◆ Your task: The answer must be an exact copy of the lines from the one with "活动现场发布了首批大学生文明" through the final line below, with no pictures and nothing else.

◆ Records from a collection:
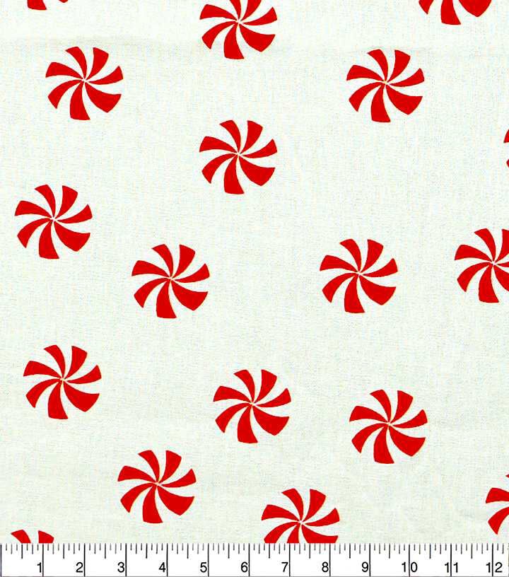 Peppermints on Marshmallow White Christmas Cotton Fabric by POP!
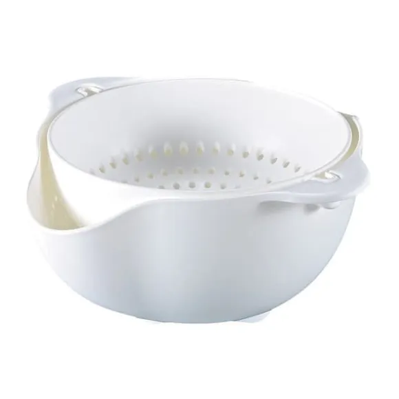 Detta smarta durkslag och medföljande skål är ett praktiskt köksredskap för att skölja eller blötlägga mat. Själva durkslaget kan rotera 360° i sina fästen, vilket gör att maten inte trillar ur när du tömmer ut vattnet. Den fungerar även som en snacksskål för till exempel jordgubbar eller annan frukt och grönt, då du smidigt kan samla blad och rester i skålen under durkslaget. Durkslaget är löstagbart för enkel rengöring.
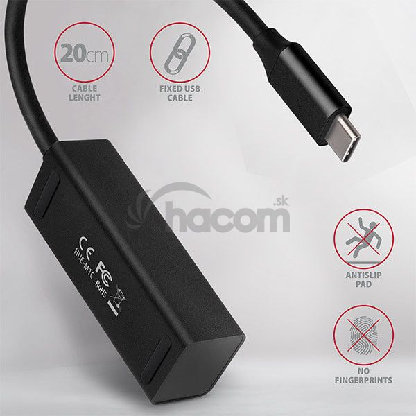 Miniatúrne kovový USB-C 3.2 Gen 1 húb AXAGON HUE-M1C ľahko a rýchlo pripojí k notebooku alebo počítaču až štyri USB zariadení súčasne. Kovové telo hubu je vyrobené z hliníka a zaisťuje tak dokonalú mechanickú ochranu pre časté prenášanie. Elegantný, jemne štruktúrovaný povrch bráni nežiadúcim odtlačkom. Gumové nožičky zabraňujú kĺzaniu hubu po stole. Napevno uchytený USB kábel dĺžky 20 cm je ideálny pre užívateľov mobilných zariadení.Tento malý cestovný húb tiež zvládne trvalé pripojenie niekoľkých externých diskov. Vďaka rýchlemu USB 3.2 Gen 1 rozhranie je prenosová rýchlosť až 5Gb / s. Hub ďalej umožní nabíjanie telefónov a tabletov prúdom až 1,5A / 5V, z hubu tak ľahko nabijete napr. Android smartphone, Apple iPhone, Apple iPad a pod.
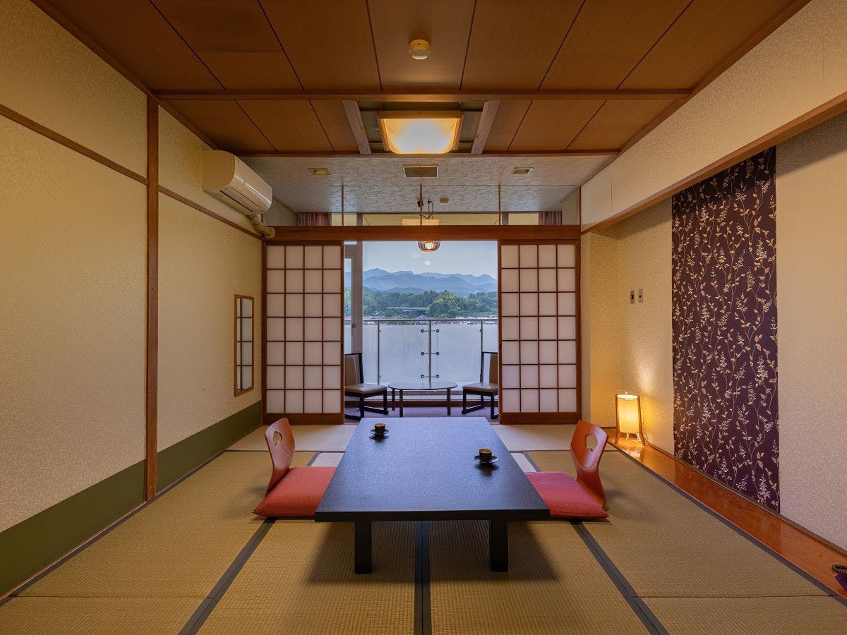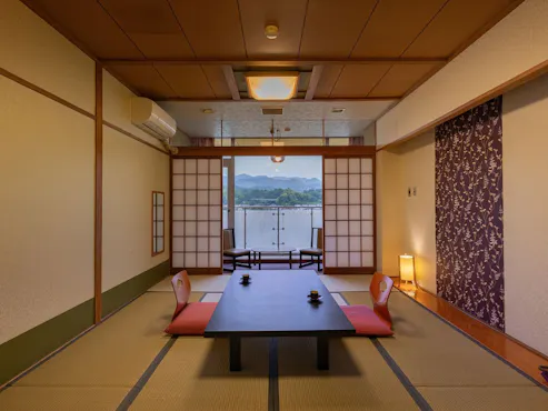 ห้องพักและอ่างอาบน้ำกลางแจ้งพร้อมวิวที่สวยงามของ "แม่น้ำมิคุมะ" เพลิดเพลินกับอาหารไคเซกิที่ใช้วัตถุดิบตามฤดูกาลจากโออิตะ และสัมผัสสายลมเย็นในอ่างอาบน้ำกลางแจ้ง
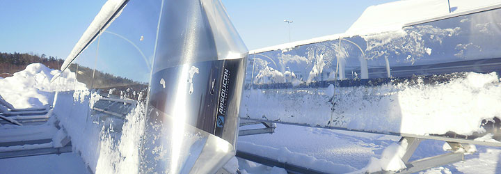 [ingress]En två meter lång Absolicon X10 PVT testas just nu på Institutet för Termodynamik och Värmeteknik (ITW ) i Stuttgart. Mätningarna påbörjades hösten 2011 och
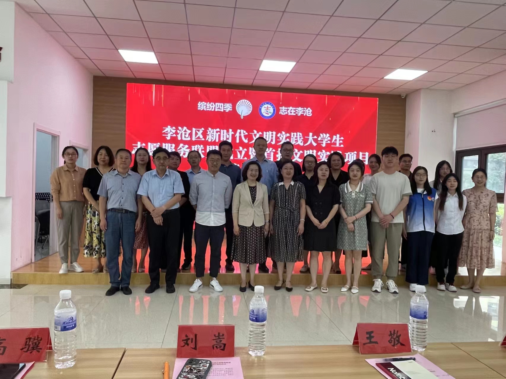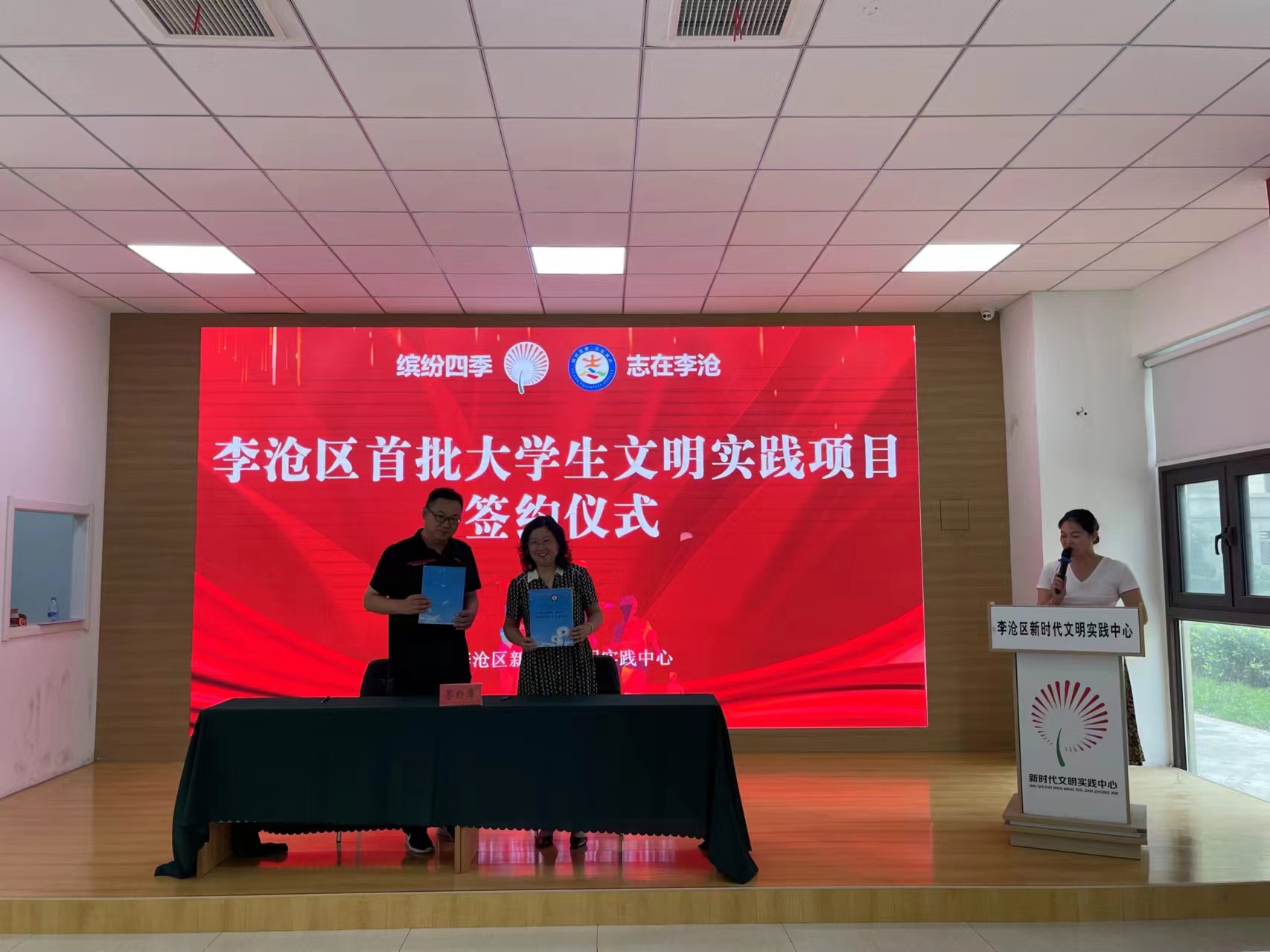 活动现场发布了首批大学生文明实践志愿服务项目。新时代文明实践大学生志愿服务联盟成员单位,分别与李沧区新时代文明实践中心,李村街道、虎山路街道、浮山路街道、沧口街道、九水街道、世园街道辖区的14个社区,签订了首批32个大学生文明实践志愿服务项目。王敬作为代表与李沧区新时代文明实践中心正式签订合约,学院“虹文·益”大学生志愿服务团将在未来持续参与到有关实践活动中。
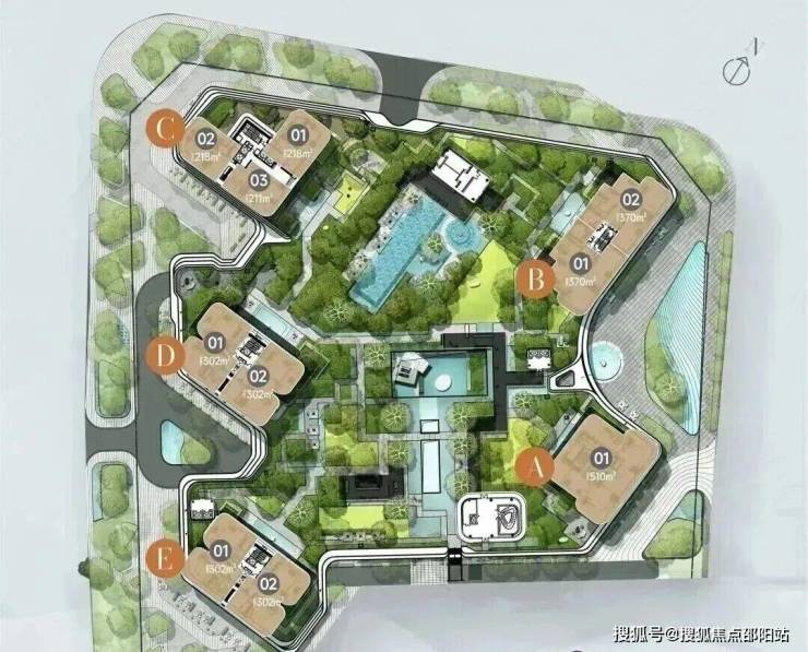 1E栋(1栋五单元)-43层:均为3梯2户,约302㎡,一层两户。
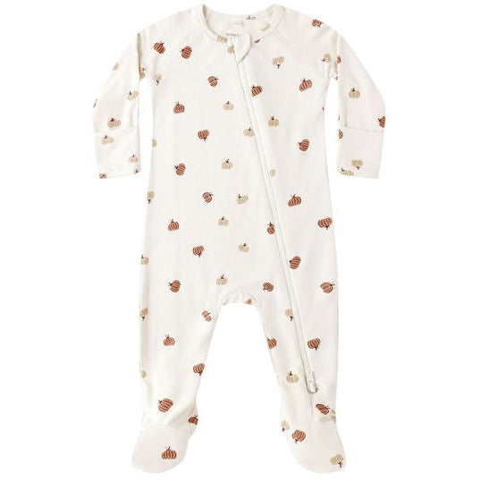 Full double-zip footie crafted from our soft and stretchy bamboo fabric. Fold-over hand mitts included on sizes NB – 3-6M. Raised screen print on soles of size 6-12M for added traction.
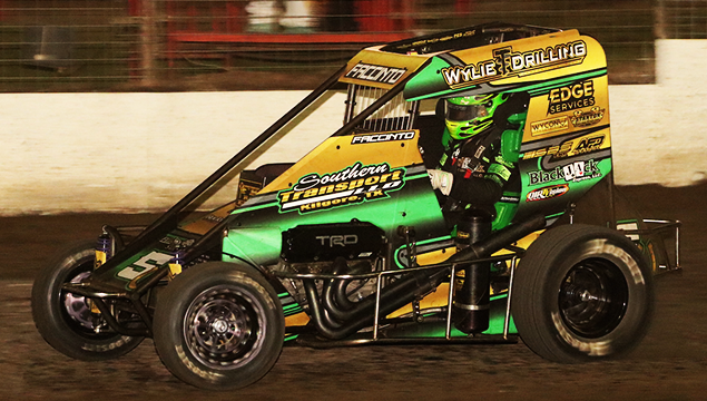 Flashing into the lead by using a late-race restart, Michael Faccinto would not waver from a smooth and speedy low line hustle to capture his first career league feature victory by leading the final six laps of the high-paying event as Daison Pursley held on to finish runner-up, as Gavin Miller recovered nicely to round out the podium placements.
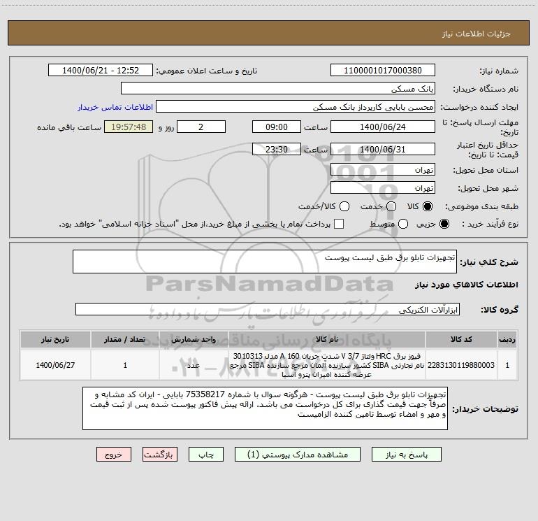 شرح کلی نیاز: تجهیزات تابلو برق طبق لیست پیوست

◆ Result of this exercise:
 活动现场发布了首批大学生文明实践志愿服务项目。新时代文明实践大学生志愿服务联盟成员单位,分别与李沧区新时代文明实践中心,李村街道、虎山路街道、浮山路街道、沧口街道、九水街道、世园街道辖区的14个社区,签订了首批32个大学生文明实践志愿服务项目。王敬作为代表与李沧区新时代文明实践中心正式签订合约,学院“虹文·益”大学生志愿服务团将在未来持续参与到有关实践活动中。
 1E栋(1栋五单元)-43层:均为3梯2户,约302㎡,一层两户。
 Full double-zip footie crafted from our soft and stretchy bamboo fabric. Fold-over hand mitts included on sizes NB – 3-6M. Raised screen print on soles of size 6-12M for added traction.
 Flashing into the lead by using a late-race restart, Michael Faccinto would not waver from a smooth and speedy low line hustle to capture his first career league feature victory by leading the final six laps of the high-paying event as Daison Pursley held on to finish runner-up, as Gavin Miller recovered nicely to round out the podium placements.
 شرح کلی نیاز: تجهیزات تابلو برق طبق لیست پیوست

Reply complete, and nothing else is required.